For our research purposes we have used USV developed by HarphaSea d.o.o. The USV has a steerable thrust propeller with a small turn radius, and reaches a maximum velocity of 2.5 m/s. It is equipped with an on-board computer, a compass, GPS unit, IMU unit and a pixel-synchronized stereo system Vrmagic VRmMFC, which consists of two Vrmagic VRmS-14/C-COB CCD sensors, Thorlabs MVL4WA lens with 3.5 millimeters focal length, maximum aperture of f/1.4, and a 132.1 degrees FOV. The stereo system is mounted 0.7 meter above the water surface with baseline at 0.2 meter, resulting in depth estimation range up to 185 meters. Stereo cameras are connected to the on-board computer through USB-2.0 bus and are thus capable of capturing the video of resolution 1278x958 pixels at 10 frames per second.

Marine Semantic Segmentation Training Dataset (MaSTr1325) [5]

MaSTr1325 is a new large-scale marine semantic segmentation training dataset tailored for development of obstacle detection methods in small-sized coastal USVs. The dataset contains 1325 diverse images captured over a two year span with a real USV, covering a range of realistic conditions encountered in a coastal surveillance task. All images are per-pixel semantically labeled and synchronized with inertial measurements of the on-board sensors.
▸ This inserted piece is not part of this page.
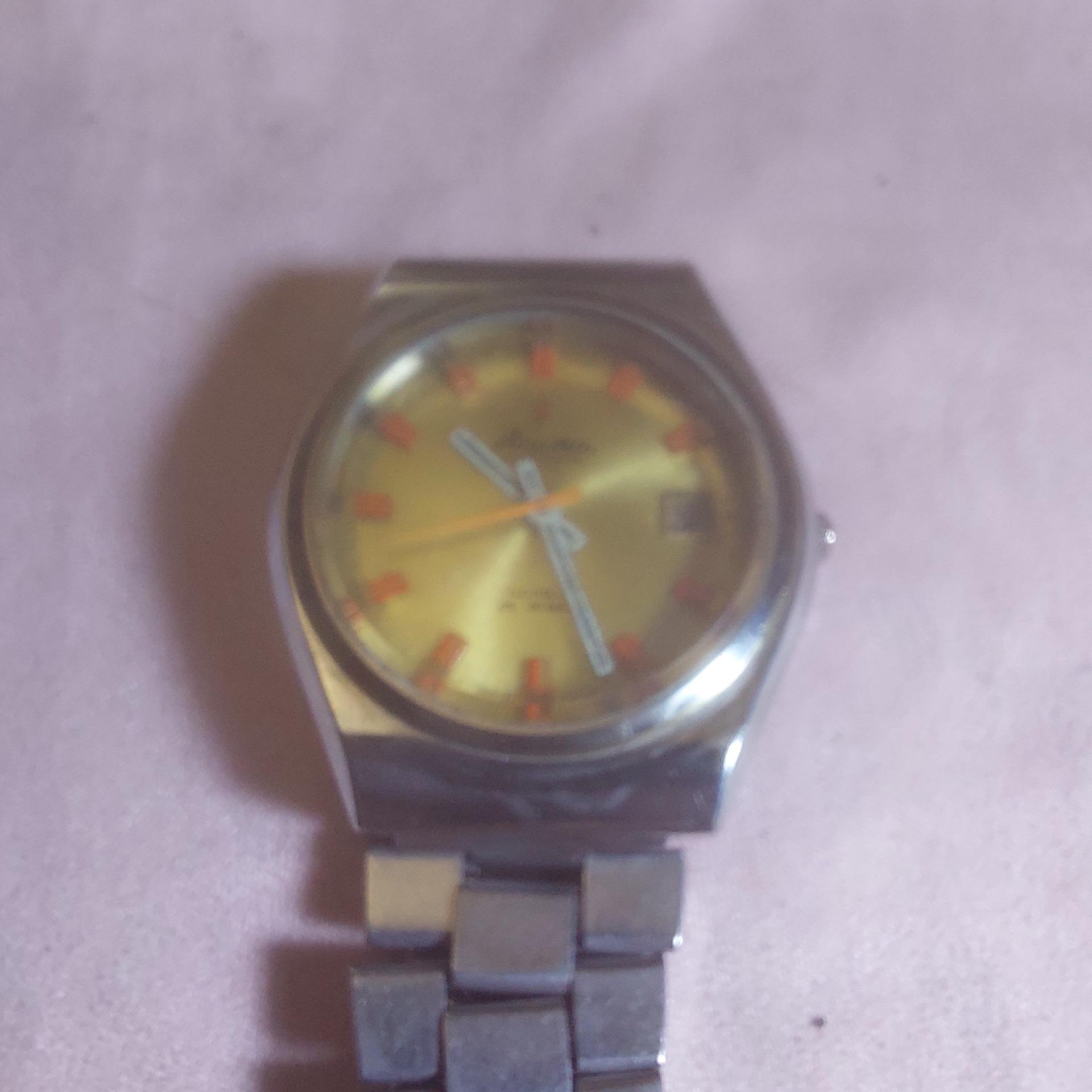 سلام دوستان ساعت مچی اتومات آروما در حد نو و آکبند با موتور سالم اصل سویس و اورجینال اصل، هیچ قطعه ای عوض نشده از اول سالم بوده بنده از مغازه ورثه یک ساعت ساز مرحوم خرید کردم به شرط اصل اصل، کارکردش عالیه حتی بندش اورجیناله به دلیل حساسیت کالا عودت نداریم.

In addition, a dataset augmentation protocol is proposed to address slight appearance differences of the images in the training set and those in deployment.

General Overview

Over the course of two years, the USV was manually guided in the gulf of Koper, Slovenia, covering a range of realistic conditions typical for coastal surveillance and encountering a large variety of obstacles. From more than fifty hours of footage acquired, we have hand-picked representative images of a marine environment. A particular attention was paid to include various weather conditions and times of day to ensure the variety of the captured dataset. Finally, 1325 images were accepted for the final dataset. Images in the dataset are time-synchronized with measurements of the on-board GPS and IMU.
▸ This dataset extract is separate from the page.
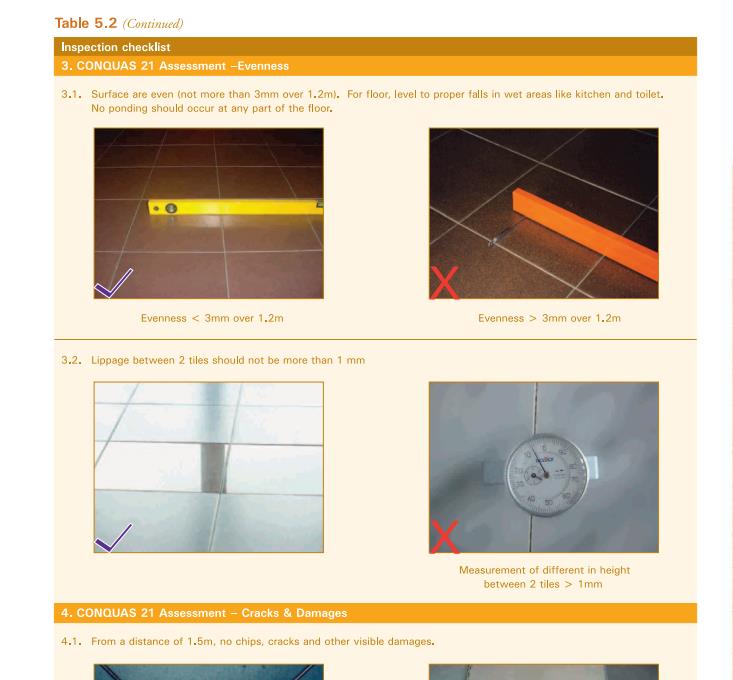 BCA 施工质量标准 Lippage between 2 tiles should not be more than 0.5 mm。 -

The obstacles in the dataset cover a wide range of shapes and sizes. Some of the obstacles present in the dataset are:

  • cargo ships,
  • sail boats,
  • portable piers,
  • swimmers,
  • rowers,
  • bouys,
  • seagulls, ...
Due to the nature of the task, the majority of pixels in the dataset correspond to the water or sky component. However, a considerable number of obstacle pixels are still present in the dataset.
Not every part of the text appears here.